PRIDCO, Economic Development Administration, Mayaguez, San Juan, tax exemptions
Over the course of the 1980s and 1990s, manufacturing’s portion of the island’s labor force declined from 20 percent to 15 percent by 1999. Nevertheless, manufacturing produced in 1999 about $26 billion, which amounted to 70 percent of the GDP. In terms of employment, one of Puerto Rico’s leading manufacturing industries is apparel making. A modern apparel industry evolved from a small-scale labor-intensive needlework industry of the 1940s. By the 1990s most apparel plants were branches of mainland U.S. firms. San Juan and Mayaguez are the leading centers for making clothing. Large numbers of workers also produce chemicals, electronic equipment, and processed foods. Other major manufactures include pharmaceuticals, industrial machinery, printed materials, rubber and plastics, metal items, furniture and fixtures, and leather products.
Since the 1940s the government has encouraged manufacturing by offering incentives such as tax exemptions, loans, and research assistance. The leading government agency for encouraging industrial development was the Economic Development Administration, created in 1950 and generally known as Fomento (Spanish for “development”). Fomento’s mandate was to attract manufacturers to the island. To carry this out, Fomento sold or leased plants on favorable terms. In addition, the government waived business income tax dues for several years. Many large American manufacturing companies established plants in Puerto Rico, attracted by tax benefits and wages that were lower than on the mainland. In the 1990s the Puerto Rican Industrial Development Company (PRIDCO), a subsidiary of Fomento, became responsible for the industrial development of Puerto Rico.

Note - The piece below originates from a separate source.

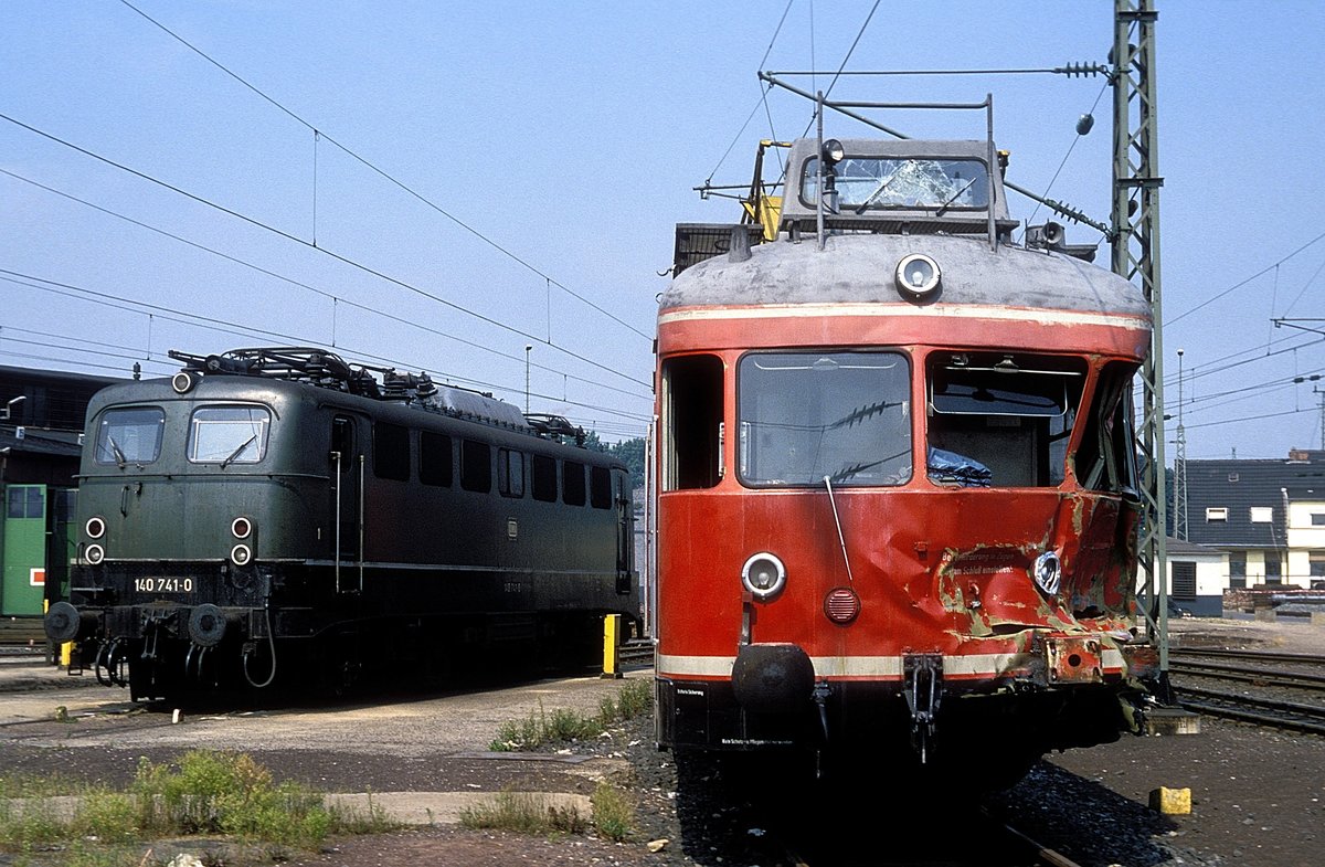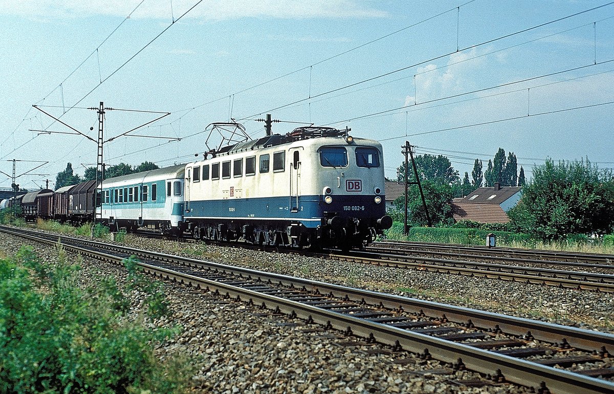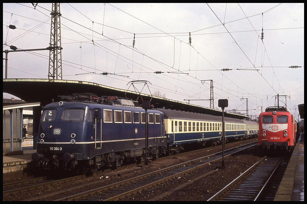 Die blaue 110304 steht hier am 25.3.1993 um 14.04 Uhr mit dem E nach Mönchengladbach im Bahnhof Köln Deutz. Rechts ist 140235 zu sehen, die vor einem Nahverkehrszug nach Duisburg wartet.

In 1996, as part of budgetary cutbacks on the mainland, the U.S. Congress voted to eliminate over a ten-year period the tax incentives for American companies investing in businesses in Puerto Rico. To counteract the economic losses caused by the phase-out, the Puerto Rican government established a series of local tax incentives to keep or attract new companies to the island. These included a maximum 7 percent business income tax rate, tax incentives for research and development, and deductions for the costs of job training.